Memangnya Indonesia tak bisa menabuh gendang, dan biarkan bangsa lain menari mengikuti iramanya? Itulah perbedaan antara negara yang diperebutkan, dengan negara yang menentukan arah perebutan.
Dari masa ke masa, intelijensia diplomatik Indonesia —baik yang formal maupun yang senyap— mengolah kesadaran ini menjadi strategi: menyerap tekanan tanpa hancur, menyalurkan ancaman menjadi peluang. Bung Karno membuktikan itu dalam kasus mata-mata CIA, Allen Pope, tahun 1958. Setelah empat tahun Pope masuk bui, Presiden Soekarno dengan cerdas memainkan kartu diplomasinya: “menukar” hukuman mati sang mata-mata dengan 10 pesawat angkut Lockheed C-130 Hercules. Amerika menyerahkannya kepada Indonesia pada 18 Maret 1960, untuk operasi Trikora. Itulah diplomasi intelijen yang elegan—keras di tangan, lembut di kepala.

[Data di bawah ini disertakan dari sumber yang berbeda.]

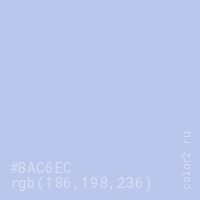 Цвет #BAC6EC в цветовой модели RGB обозначается тремя октетами (186, 198, 236) в десятичном формате и #BAC6EC в шестнадцатиричном (hex) формате, которые являются интенсивностью красного 186 (hex BA), интенсивность зелёного 198 (hex C6) и интенсивность синего 236 (hex EC).
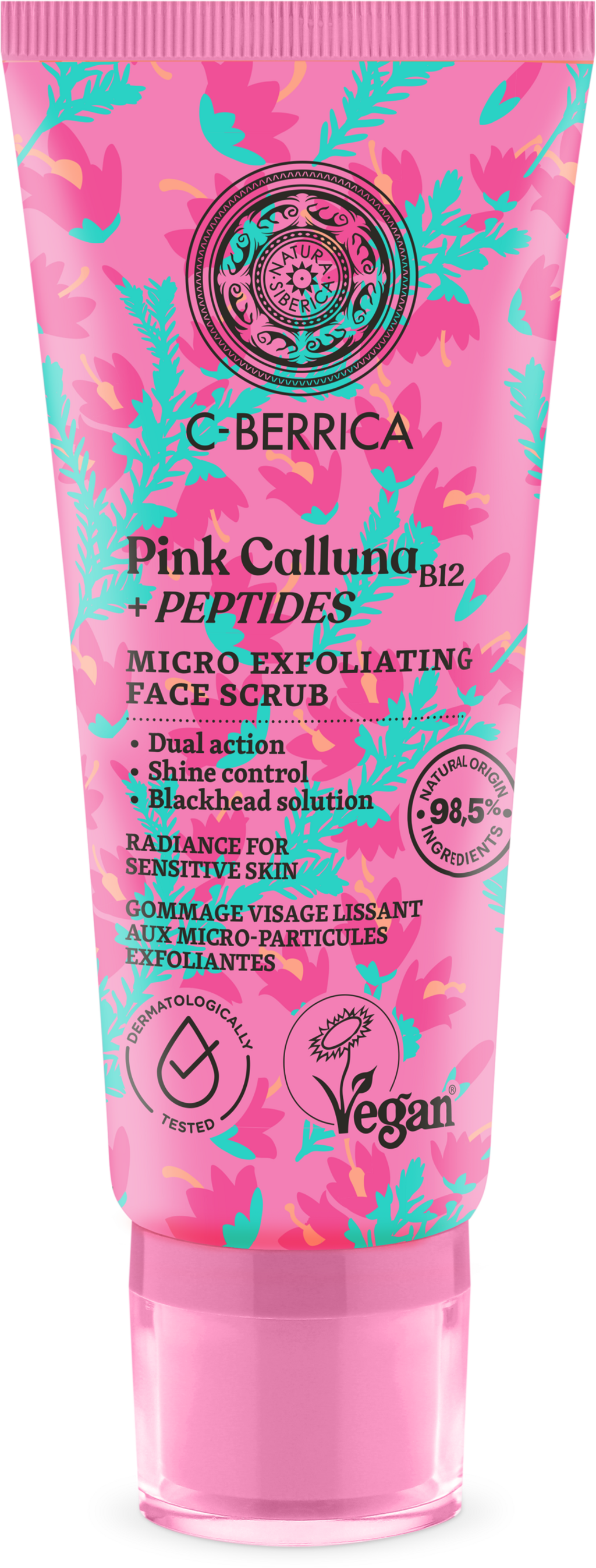 C-Berrica Micro Exfoliating Face Scrub Pink Calluna znamke Natura Siberica je nežen, veganski piling za obraz za občutljivo kožo, ki se idealno vključi v vašo vsakodnevno nege kože. Kremna tekstura združuje fine piling delce s prijetno nežno formulo, ki omogoča temeljito čiščenje obraza. Ob uporabi se odstranijo odmrle kožne celice, koža pa je v trenutku mehkejša na dotik. Piling je primeren za redno uporabo, saj opazno izboljša teksturo kože in poskrbi za negovan ter svež občutek.

Kekuatan semacam itu dikenal dalam teori hubungan internasional sebagai soft power, yang oleh Profesor Joseph S. Nye Jr dari Harvard yang juga mantan pejabat tinggi Departemen Pertahanan AS disebut. “kemampuan untuk mendapatkan apa yang kamu inginkan, melalui daya tarik, dan bukan paksaan.”
Lawannya, hard power, dipraktikkan oleh negara-negara seperti Amerika Serikat atau Rusia ketika menggunakan kekuatan militer dan sanksi ekonomi untuk memaksa kepatuhan—seperti invasi AS ke Irak (2003) atau Rusia ke Ukraina (2022). Meski Amerika juga memakai soft power, antara lain melalui industri film Hollywood maupun Netflix, yang secara halus mempromosikan nilai-nilai “kepahlawanan” maupun liberalismenya.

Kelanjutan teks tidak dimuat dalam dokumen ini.